I'm learning data.table and am trying to subset and re-order grouped data while calculating averages, all in one data.table statement.
I got the flight data from here while following along in this tutorial.
From the tutorial,
How can we get the average arrival and departure delay for each orig,dest pair for each month for carrier code “AA”?

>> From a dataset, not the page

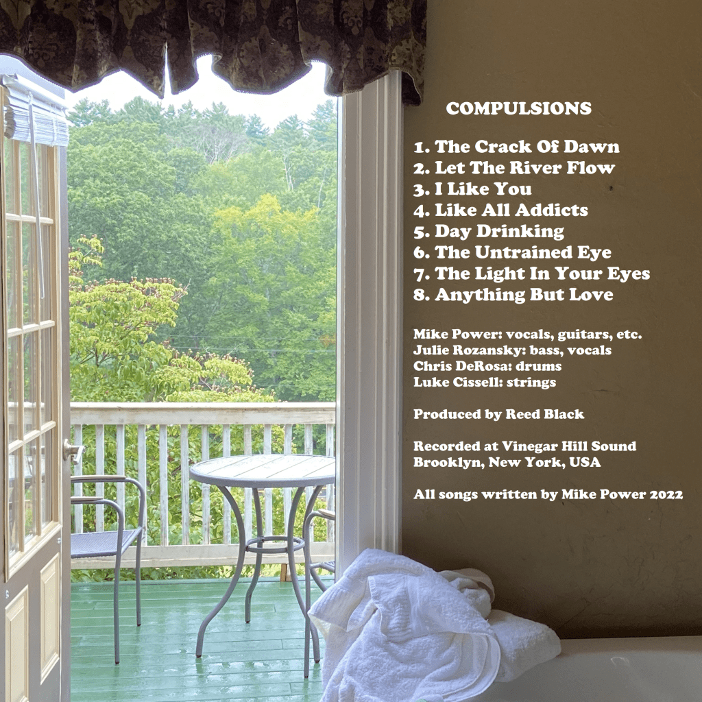 There are things we do because we want to do them Others because we feel an obligation And then there are things we do without knowing why we do them, because we feel compelled. There is an article of faith in schools of philosophy and spirituality that says the path to freedom and enlightenment comes from non-attachment, that it is through conquering our impulses and detaching ourselves from desire that we become our ultimate selves. But I say fuck that. I prefer desire to enlightenment. I want to love passionately until the flame goes out and, when it does, I want to go with it. So I wrote some songs on the subject and named the collection Compulsions. On March 25th of this year, I rented a studio in Brooklyn and ran through a bunch of songs with a bassist named Julie Rozansky. Four days later I ran through the same batch with the drummer Chris DeRosa. The next month, the three of us rehearsed the songs together for the only time before heading into the recording studio in May and knocking them out in a few hours. Over the next few months - between bouts of Covid, weddings, and vacations - I went back into the studio to overdub vocals, guitars, piano, and anything else I could think of to flesh out the original arrangements. It was my good luck to find four people who helped me mold the rough clay of my songs into something beautiful. In addition to the aforementioned rhythm section, the stringmeister, Luke Cissell, arranged and played the violins and other stringed instruments, while the wizard of the wavelengths, Reed Black, worked his magic as producer. Over the next 8 days I will be posting the individual tracks, with some notes on each. I hope you are able to find a little time over the coming days to give these songs a listen. The music is available wherever you get your fix: https://linktr.ee/mikepowernyc

ans <- flights[carrier == "AA",
.(mean(arr_delay), mean(dep_delay)),
by = .(origin, dest, month)]
ans
# origin dest month V1 V2
# 1: JFK LAX 1 6.590361 14.2289157
# 2: LGA PBI 1 -7.758621 0.3103448
# 3: EWR LAX 1 1.366667 7.5000000
# 4: JFK MIA 1 15.720670 18.7430168
# 5: JFK SEA 1 14.357143 30.7500000
# ---
# 196: LGA MIA 10 -6.251799 -1.4208633
# 197: JFK MIA 10 -1.880184 6.6774194
# 198: EWR PHX 10 -3.032258 -4.2903226
# 199: JFK MCO 10 -10.048387 -1.6129032
# 200: JFK DCA 10 16.483871 15.5161290
This makes sense to me. However, I want to improve on this by organizing the flights which departed from the same origin together. Following the schema of...
data.table(subset, select/compute, group by)
I came up with this:
flights[(carrier=="AA")[order(origin, dest)],
.(Arrival_Delay=mean(arr_delay), Depart_Delay=mean(dep_delay)),
by=.(origin, dest, month)]
But my call to order doesn't seem to have done anything. Why?
I can achieve this in dplyr with:
flights %>%
filter(carrier=="AA") %>%
group_by(origin, dest, month) %>%
summarize(Arrival_Delay=mean(arr_delay), Depart_Delay=mean(dep_delay)) %>%
as.data.table()
I'm curious how to do this in data.table and why my approach did not work.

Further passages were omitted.